Together, China and India account for 37 percent of the world’s population. Both countries have conducted censuses over the past year, and when they report their census results, figures such as the widely accepted world population total are at risk of changing. India has released the results of its 2011 Census, conducted from Feb. 9-28, 2011, with a revisional round on March 1-5. The provisional population totals were released on March 31, less than a month after the census was conducted.

National Totals

The preliminary census count with a “census date” of March 1, 2011, was 1,210,193,422—about 130 million less than the current population of China.1 The census total was close to what was expected based on estimates by the Registrar General & Census Commissioner of India and other organizations. In 1950, shortly after India gained independence, India’s population was 68 percent that of China. Now it is 90 percent. China’s population currently increases by a little less than 7 million per year while India’s grows by about 18 million. India’s population will likely pass China’s shortly after 2020, according to the recent preliminary projections from the United Nations Population Division.

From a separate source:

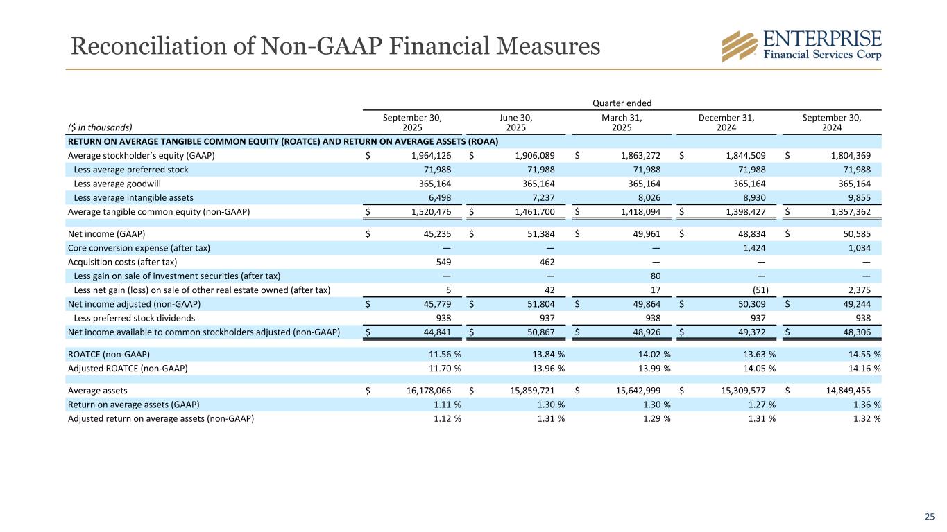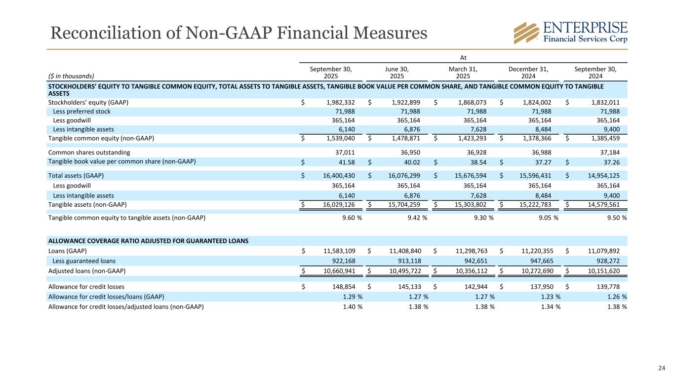 24 Reconciliation of Non-GAAP Financial Measures At ($ in thousands) September 30, 2025 June 30, 2025 March 31, 2025 December 31, 2024 September 30, 2024 STOCKHOLDERS’ EQUITY TO TANGIBLE COMMON EQUITY, TOTAL ASSETS TO TANGIBLE ASSETS, TANGIBLE BOOK VALUE PER COMMON SHARE, AND TANGIBLE COMMON EQUITY TO TANGIBLE ASSETS Stockholders’ equity (GAAP) $ 1,982,332 $ 1,922,899 $ 1,868,073 $ 1,824,002 $ 1,832,011 Less preferred stock 71,988 71,988 71,988 71,988 71,988 Less goodwill 365,164 365,164 365,164 365,164 365,164 Less intangible assets 6,140 6,876 7,628 8,484 9,400 Tangible common equity (non-GAAP) $ 1,539,040 $ 1,478,871 $ 1,423,293 $ 1,378,366 $ 1,385,459 Common shares outstanding 37,011 36,950 36,928 36,988 37,184 Tangible book value per common share (non-GAAP) $ 41.58 $ 40.02 $ 38.54 $ 37.27 $ 37.26 Total assets (GAAP) $ 16,400,430 $ 16,076,299 $ 15,676,594 $ 15,596,431 $ 14,954,125 Less goodwill 365,164 365,164 365,164 365,164 365,164 Less intangible assets 6,140 6,876 7,628 8,484 9,400 Tangible assets (non-GAAP) $ 16,029,126 $ 15,704,259 $ 15,303,802 $ 15,222,783 $ 14,579,561 Tangible common equity to tangible assets (non-GAAP) 9.60 % 9.42 % 9.30 % 9.05 % 9.50 % ALLOWANCE COVERAGE RATIO ADJUSTED FOR GUARANTEED LOANS Loans (GAAP) $ 11,583,109 $ 11,408,840 $ 11,298,763 $ 11,220,355 $ 11,079,892 Less guaranteed loans 922,168 913,118 942,651 947,665 928,272 Adjusted loans (non-GAAP) $ 10,660,941 $ 10,495,722 $ 10,356,112 $ 10,272,690 $ 10,151,620 Allowance for credit losses $ 148,854 $ 145,133 $ 142,944 $ 137,950 $ 139,778 Allowance for credit losses/loans (GAAP) 1.29 % 1.27 % 1.27 % 1.23 % 1.26 % Allowance for credit losses/adjusted loans (non-GAAP) 1.40 % 1.38 % 1.38 % 1.34 % 1.38 %

India’s 2011 Census is remarkable in one important way: The number of people added between the 2001 and 2011 censuses was slightly less than that between the 1991 and 2001 censuses. The last time this happened was between the 1911 and 1921 censuses, when the population actually declined. The year 1921 is often referred to as the “Year of the Great Divide,” the last period in which India’s population declined, due to the effects of famine. Nonetheless, the 181 million people added to India’s population over the past 10 years is roughly equal to the population of Pakistan or all of western Europe.2 But this trend is not necessarily a one-way street. Should the birth rate in India’s heavily populated and higher-fertility northern states not decline smoothly, the number added could rise yet again.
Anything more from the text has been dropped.